The careful consideration of these questions will help business and IT leaders determine an appropriate course of action for sustained business value. Network automation is not one size fits all; however, there are universal truths that an enterprise must grapple with: cloud adoption and IT modernization are practically inevitable, security risks are increasing faster than ever, IT complexity is bordering on chaos, the majority of IT teams are strapped for resources, and business competition is fierce. 

Taming Chaos

The number one risk to business performance, arguably, is network downtime. It can cost businesses as much as $300,000 per hour. This sort of risk cannot be taken lightly, and mitigating it should be a priority. Human error, network maintenance, bad scripting, software misconfigurations, vulnerabilities, cloud disruption, remote employees, extreme weather events, pandemics, and cyberattacks – the list of potential risks to network operations goes on and on – create increasingly hostile network environments. But automation can make networks more sustainable, resilient, and reliable as enterprise needs grow, even at cloud scale. 

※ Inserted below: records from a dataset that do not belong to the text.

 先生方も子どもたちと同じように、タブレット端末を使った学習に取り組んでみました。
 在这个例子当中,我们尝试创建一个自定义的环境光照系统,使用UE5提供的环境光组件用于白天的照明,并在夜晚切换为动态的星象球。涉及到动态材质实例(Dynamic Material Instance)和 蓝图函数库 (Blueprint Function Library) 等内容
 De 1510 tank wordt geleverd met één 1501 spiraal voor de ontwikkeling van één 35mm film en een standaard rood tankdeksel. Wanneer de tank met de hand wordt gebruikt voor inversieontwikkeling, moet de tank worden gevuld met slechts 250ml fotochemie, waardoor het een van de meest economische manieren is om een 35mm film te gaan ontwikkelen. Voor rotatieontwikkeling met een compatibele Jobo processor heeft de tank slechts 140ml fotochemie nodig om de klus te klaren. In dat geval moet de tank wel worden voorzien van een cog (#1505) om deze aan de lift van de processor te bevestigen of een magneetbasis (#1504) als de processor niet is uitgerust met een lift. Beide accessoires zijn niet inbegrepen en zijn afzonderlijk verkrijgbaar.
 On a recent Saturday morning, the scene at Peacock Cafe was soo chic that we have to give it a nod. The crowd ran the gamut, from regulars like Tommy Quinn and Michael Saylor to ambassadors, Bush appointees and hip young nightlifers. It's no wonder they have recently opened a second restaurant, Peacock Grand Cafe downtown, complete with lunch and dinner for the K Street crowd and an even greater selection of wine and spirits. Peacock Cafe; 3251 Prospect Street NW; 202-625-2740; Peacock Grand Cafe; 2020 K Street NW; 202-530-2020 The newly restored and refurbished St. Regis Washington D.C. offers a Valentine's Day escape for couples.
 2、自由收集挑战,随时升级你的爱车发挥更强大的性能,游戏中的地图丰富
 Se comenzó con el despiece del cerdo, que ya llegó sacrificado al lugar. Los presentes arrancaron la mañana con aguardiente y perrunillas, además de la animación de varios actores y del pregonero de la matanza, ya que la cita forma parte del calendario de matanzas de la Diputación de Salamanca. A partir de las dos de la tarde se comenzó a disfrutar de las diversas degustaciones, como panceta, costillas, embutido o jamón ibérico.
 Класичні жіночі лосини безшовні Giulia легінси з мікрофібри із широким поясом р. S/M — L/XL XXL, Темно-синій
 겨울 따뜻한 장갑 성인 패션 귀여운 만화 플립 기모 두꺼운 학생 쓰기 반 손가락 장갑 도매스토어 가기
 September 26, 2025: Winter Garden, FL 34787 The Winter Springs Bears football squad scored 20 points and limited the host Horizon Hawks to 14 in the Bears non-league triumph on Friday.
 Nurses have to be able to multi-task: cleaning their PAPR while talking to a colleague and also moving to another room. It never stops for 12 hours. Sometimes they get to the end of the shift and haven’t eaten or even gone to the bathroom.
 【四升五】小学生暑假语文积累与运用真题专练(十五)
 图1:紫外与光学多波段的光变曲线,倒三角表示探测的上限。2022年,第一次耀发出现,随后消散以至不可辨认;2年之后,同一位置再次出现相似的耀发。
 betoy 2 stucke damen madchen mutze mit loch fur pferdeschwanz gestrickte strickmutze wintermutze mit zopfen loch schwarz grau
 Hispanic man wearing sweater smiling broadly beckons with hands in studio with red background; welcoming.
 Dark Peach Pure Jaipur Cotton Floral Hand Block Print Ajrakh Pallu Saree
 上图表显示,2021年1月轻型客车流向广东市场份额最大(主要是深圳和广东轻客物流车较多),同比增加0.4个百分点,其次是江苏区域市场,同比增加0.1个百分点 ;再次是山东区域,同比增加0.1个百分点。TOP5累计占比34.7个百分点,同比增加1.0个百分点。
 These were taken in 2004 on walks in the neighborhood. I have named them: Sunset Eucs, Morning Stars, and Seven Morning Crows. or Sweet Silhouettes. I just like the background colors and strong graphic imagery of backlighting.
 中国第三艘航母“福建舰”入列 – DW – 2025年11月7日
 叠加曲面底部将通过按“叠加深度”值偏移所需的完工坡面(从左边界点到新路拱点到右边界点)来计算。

Although every network and every enterprise is different, there is a shared sense of urgency around automation. De-risking the complexity and inherent chaos of enterprise networks and simplifying how networks are discovered, analyzed, updated, and maintained provides universal benefits for any enterprise dealing with cloud-scale growth. However, there are different levels of automation that provide different levels of success.

Self Built or Off the Shelf?

Building network automation requires extensive scripting and development expertise. Moreover, suppose organizations are bogged down with the training, developing, testing, and maintaining necessary to operate a self-built system. In that case, the time to full-scale automation is much slower, which significantly limits its value proposition. On the other hand, buying off-the-shelf software could have a similar impact if IT teams are bound by a lack of customization and extensibility. While some enterprises choose to code and script their capabilities and succeed with task automation, this is a far cry from the fully automated, transformative network automation that can supercharge competitive advantage in high-performance industries. This is why enterprises should track investments in automation to ensure it is possible to calculate the true ROI over time.

While there is a perception that automating the network in a highly intelligent manner that can eliminate downtime and enhance security and functionality is out of reach for most enterprises, that is simply not true. Off-the-shelf intelligent network solutions today deliver built-in integrated customization capabilities that make systems more extensible, manageable, flexible, and scalable despite the multitude of domains, vendor devices, and clouds common in enterprises today. Prebuilt automation processes and automatic asset discovery enable IT teams to quickly achieve time to value without the planning and operational overhead needed for self-build automation. With the support that self-built or open-source automation can’t offer, security becomes part of the network fabric, compliance and auditing are no longer headaches, and network disruptions become a thing of the past. Intelligent network automation provides essential guardrails that let the network flow unobstructed by risk, complexity, and chaos.

 

Author's Bio

Jeff Gray

CEO and Co-founder, Gluware
Jeff Gray is the CEO and co-founder of Gluware, the leading provider of Intelligent Network Automation for the Cloud Era. As CEO, he oversees business operations and strategy, as well as the development of enterprise-leading intent-based network automation technologies adopted by the largest and most complex Fortune 500 and Global 2000 enterprises from Pharma to Finance. Gray is credited with bringing the industry’s first SDN orchestration platform to market and achieving significant blue-chip enterprise adoption. He has been a networking industry leader for two decades, starting with the commercial development of innovative high-bandwidth networking solutions as a student at California Polytechnic State University.